Question

A 10-kg package drops from chute into a 25-kg cart with a velocity of 3 m/s. The cart is initially at rest and can roll freely with no friction. Determine: a) the final velocity of the cart, b) the impulse exerted by the cart on the package, c) the fraction of the initial energy lost in the impact.

Answer 1

The final velocity of the cart is approximately 0.857 m/s. The impulse exerted by the cart on the package is approximately -21.43 kg·m/s. The fraction of the initial energy lost in the impact is approximately 0.770.

Step-by-step explanation:

To solve this problem, we can use the principle of conservation of momentum and the principle of conservation of mechanical energy.

a) Using conservation of momentum, we know that the initial momentum of the package is equal to the final momentum of the cart and package system. The initial momentum of the package is given by:

p_initial = m_package * v_package = (10 kg) * (3 m/s) = 30 kg·m/s

The final momentum of the cart and package system is given by:

p_final = (m_cart + m_package) * v_final

Since the cart is initially at rest and can roll freely with no friction, the final velocity of the cart and package system will be the same.
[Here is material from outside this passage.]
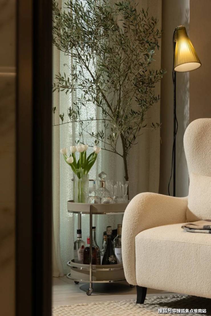 约9米净高的门廊尺度顶部挑高,南北向礼序轴与东西向精致生活轴交织形成十字转场,整个归家礼仪,在这里升华至顶点。

Therefore, we can set up the following equation:

p_initial = p_final

30 kg·m/s = (25 kg + 10 kg) * v_final

Simplifying the equation:

v_final = 30 kg·m/s / 35 kg = 0.857 m/s

Therefore, the final velocity of the cart is approximately 0.857 m/s.

b) The impulse exerted by the cart on the package is equal to the change in momentum of the package. We can calculate it using the equation:

Impulse = m_package * (v_final - v_package)
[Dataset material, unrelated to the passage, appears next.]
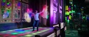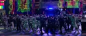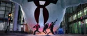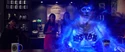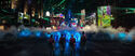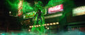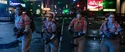 The rumbling continued. Rowan/Kevin descended on the hotel marquee outside the Mercado. Agent Rorke wondered who the flying beefcake was. Rowan greeted them and wanted to see them dance. The Bee Gees' "You Should Be Dancing" played. Across the street was a PS4 ad and a Sephora store. On the right was a Levi's ad. A ticker in the center read, "Health Care Bill is Rejected. Cites Precedent in 1973 Gant Debate" and the ticker below read, "Report Medical Professionals Assisting New York Relief Effort." Officer Stevenson was in the crowd. Rorke told Hawkins to use their Proton Gun Vehicle. Hawkins realized it wasn't working. Rowan started dancing. The agents, soldiers, and police were forced to mimic his moves. Rowan thought it was going to be fun. He spotted the Ghostbusters running past the NYPD station. The police, soldiers, and agents were immobilized. Rowan clicked his tongue and remarked women were always late. He guessed they couldn't decide which dirty jumpsuit to wear. He decided to provide a proper New York welcome. He unleashed blue P.K.E. from his hands then welcomed them to the glory days of New York City. He told them to have fun and laughed. Times Square had advertisements for Blu-ray, Crackle, Revlon, Aladdin, and Jersey Boys. The Ring Leader ghost walked past them. There was a Papa John's ad then a "That's a big Twinkie" Hostess ad. Progressive, and Save the Children. The ads, store fronts, restaurants, and bars morphed into older ads, stores, restaurants, and bars from bygone eras. There was now an ad for "Taxi Driver". There was a poster for Boris Karloff in "Snake People".

Impulse = 10 kg * (0.857 m/s - 3 m/s) = -21.43 kg·m/s

Therefore, the impulse exerted by the cart on the package is approximately -21.43 kg·m/s.
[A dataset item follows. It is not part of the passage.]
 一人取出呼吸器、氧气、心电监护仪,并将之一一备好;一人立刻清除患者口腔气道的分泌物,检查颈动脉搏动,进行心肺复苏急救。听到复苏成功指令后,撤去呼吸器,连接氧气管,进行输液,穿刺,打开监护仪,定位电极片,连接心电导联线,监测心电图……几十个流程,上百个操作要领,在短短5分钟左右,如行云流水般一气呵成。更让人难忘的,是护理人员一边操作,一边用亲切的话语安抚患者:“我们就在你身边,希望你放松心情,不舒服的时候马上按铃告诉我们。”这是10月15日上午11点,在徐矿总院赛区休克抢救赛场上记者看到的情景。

c) To determine the fraction of the initial energy lost in the impact, we can compare the initial kinetic energy of the package to the final kinetic energy of the cart and package system. The initial kinetic energy of the package is given by:

K_initial = (1/2) * m_package * (v_package)^2

K_initial = (1/2) * 10 kg * (3 m/s)^2 = 45 J

The final kinetic energy of the cart and package system is given by:

K_final = (1/2) * (m_cart + m_package) * v_final^2

K_final = (1/2) * (25 kg + 10 kg) * (0.857 m/s)^2 = 10.306 J

The fraction of the initial energy lost in the impact can be calculated as:

Fraction of energy lost = (K_initial - K_final) / K_initial

Fraction of energy lost = (45 J - 10.306 J) / 45 J = 0.770

Therefore, the fraction of the initial energy lost in the impact is approximately 0.770.